Desperta, ó homem: por tua causa Deus se fez
homem. Desperta, tu que dormes, levanta-te dentre os mortos e sobre ti
Cristo resplandecerá. Por tua causa, repito, Deus se fez homem.
Estarias morto para sempre, se ele não
tivesse nascido no tempo. Jamais te libertarias da carne do pecado, se ele não
tivesse assumido uma carne semelhante à do pecado. Estarias condenado a uma
eterna miséria, se não fosse a sua misericórdia. Não voltarias à vida, se ele
não tivesse vindo ao encontro da tua morte.
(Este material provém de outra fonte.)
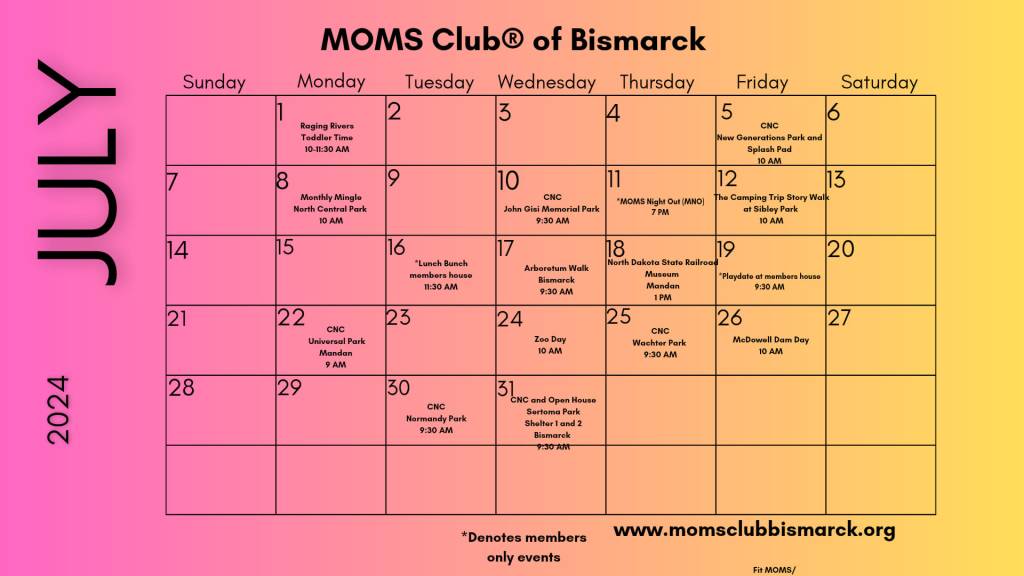If you’re not a member yet, we’re so happy you found us! Please drop by one of our public events to meet us and see if our group would be a good fit for you. Events can change due to weather, so please email us at momsclubbismarck@gmail.com or DM our public Facebook page to let us know if you’ll be attending.

Terias perecido, se ele não te
socorresse. Estarias perdido, se ele não viesse salvar-te.
Celebremos com alegria a vinda da nossa
salvação e redenção. Celebremos este dia de festa, em que o grande e eterno
Dia, gerado pelo Dia grande e eterno, veio a este nosso dia temporal e tão
breve.
Ele se tornou para nós justiça, santificação
e libertação, para que, como está escrito, “quem se gloria, glorie-se no
Senhor”.
A verdade brotará da terra, o Cristo que
disse: eu sou a verdade (Jo 14,6), nasceu da Virgem. E a justiça
olhou do alto do céu, porque o homem, crendo naquele que nasceu, é justificado
não por si mesmo, mas por Deus.
A verdade brotou da terra porque o
Verbo se fez carne. E a justiça olhou do alto do céu porque todo
o dom precioso e toda a dádiva perfeita vêm do alto.
A verdade brotou da terra, isto é, da carne
de Maria. E a justiça olhou do alto do céu porque o homem não
pode receber coisa alguma, se não lhe for dada do céu.
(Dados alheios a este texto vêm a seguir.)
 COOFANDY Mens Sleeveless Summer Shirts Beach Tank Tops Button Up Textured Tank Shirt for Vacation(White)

Justificados pela fé, estamos em paz com Deus porque a
justiça e a paz se beijaram por intermédio de nosso Senhor Jesus Cristo,
pois a verdade brotou da terra. Por ele tivemos acesso, pela fé, a
esta graça na qual estamos firmes e nos gloriamos, na esperança da glória de
Deus. Não disse “de nossa glória”, mas da glória de Deus, porque a justiça não
procede de nós, mas olha do alto do céu. Portanto, quem se gloria não
se glorie em si mesmo, mas no Senhor.
Eis por que, quando o Senhor nasceu da
Virgem, os anjos cantaram: Glória a Deus nas alturas e paz na terra aos
homens de boa vontade.
Como veio a paz à terra senão por ter a
verdade brotado da terra, isto é, Cristo ter nascido em carne humana? Ele
é a nossa paz: de dois povos fez um só, para que fôssemos homens de boa
vontade, unidos uns aos outros pelo suave vínculo da caridade.
Alegremo-nos com esta graça, para que nossa
glória seja o testemunho da nossa consciência, e assim nos gloriaremos, não em
nós mesmos, mas no Senhor. Por isso disse o Salmista: Vós sois a minha
glória que levanta a minha cabeça. Na verdade, que graça maior Deus poderia nos
conceder do que, tendo um único Filho, fazê-lo Filho do homem e reciprocamente
fazer os filhos dos homens serem filhos de Deus?
Procurai o mérito, procurai a causa, procurai
a justiça; e vede se encontrais outra coisa que não seja a graça de Deus.